How Obscurity Could Help the Right To Fail

In a post on Policy@Intel, David Hoffman explains why Internet obscurity can help the “Right to Fail.”  Absent providing individuals with “a sphere of privacy where they know they can make mistakes,” society may make it impossible for individuals to pursue ideas that “challenge the status quo” and are needed “to break away from conformity and innovate.”

He also highlights Woodrow Hartzog and Evan Selinger’s suggestion that obscurity might actually be better than privacy when looking at conceptual tools to protect personal information.

 

Increasing Calls for a Big Data Dialog

Big Data promises to open new doors to curing diseases, cleaning the environment, and easing life’s burdens, but is it opening too many doors?  Writing for The New York Times on Sunday, Steve Lohr suggested that the privacy challenges posed by Big Data are so large that it might trump any potential benefits.  The surveillance possibilities permitted by data today, he noted, “could leave George Orwell in the dust.”

Whether privacy challenges should trump how we use data or vice versa, there is an obvious need for organizations and society at large to address what we hope to achieve with Big Data—and what we are willing to take off the table. In that spirit, FPF is joining with the Stanford Center on Internet and Society to host a day-long event this fall to tackle how best to bring together the value of data with the value of personal privacy. There should be some room for agreement.  As Lohr notes, “corporate executives and privacy experts agree that the best way forward combines new rules and technology tools.”

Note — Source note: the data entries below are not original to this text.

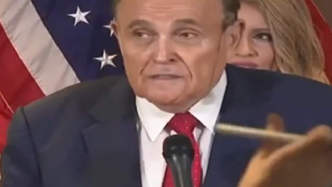 شهد المؤتمر الصحفي الذى عقده محامي الرئيس الأمريكي المنتهية ولايته، دونالد ترامب، رودي جولياني، ظهور خط أسود على وجهه.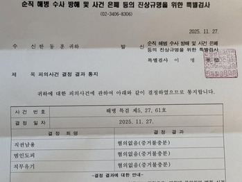 한동훈 전 국민의힘 대표가 자신에게 적용된 모든 혐의를 '증거 불충분'으로 무혐의 처리한 순직해병특검팀(특별검사 이명현)을 겨냥해 "정치특검의 결말"이라고 비판했다.1일 정치권에 따르면, 한 전 대표는 전날 자신의 페이스북에 순직해병특검의 '피의사건 결정 결과 통지서'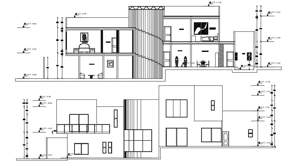 Contemporary Bungalow Elevation, Section AutoCAD Drawing File Free; detail of bungalow elevation, a section with leveling CAD file free.

Yet Big Data may require us to have a bigger discussion about how personal data is used.  In response to research posted on Monday that concluded that anonymized data in the context of day-to-day location tracking can be re-identified with relative ease, David Mayer declares on GigaOM today that we need a “new realpolitik” for data privacy:

We are not going to stop all this data collection, so we need to develop workable guidelines for protecting people. Those developing data-centric products also have to start thinking responsibly – and so do the privacy brigade. Neither camp will entirely get its way: there will be greater regulation of data privacy, one way or another, but the masses will also not be rising up against the data barons anytime soon.

As Mayer concedes, it is impossible to stop our ever-increasing data collection capabilities, and even if we could, it would likely be to our greater detriment.  While our legal constructs tend to view privacy as a binary all-or-nothing concept, our Big Data reality suggests that privacy be viewed as a spectrum in which benefits are weighed against the specter of the dictatorship of data. Who is doing what, for what purpose and for what benefit are important considerations, and it is past time for policy makers to begin engaging with these questions in earnest.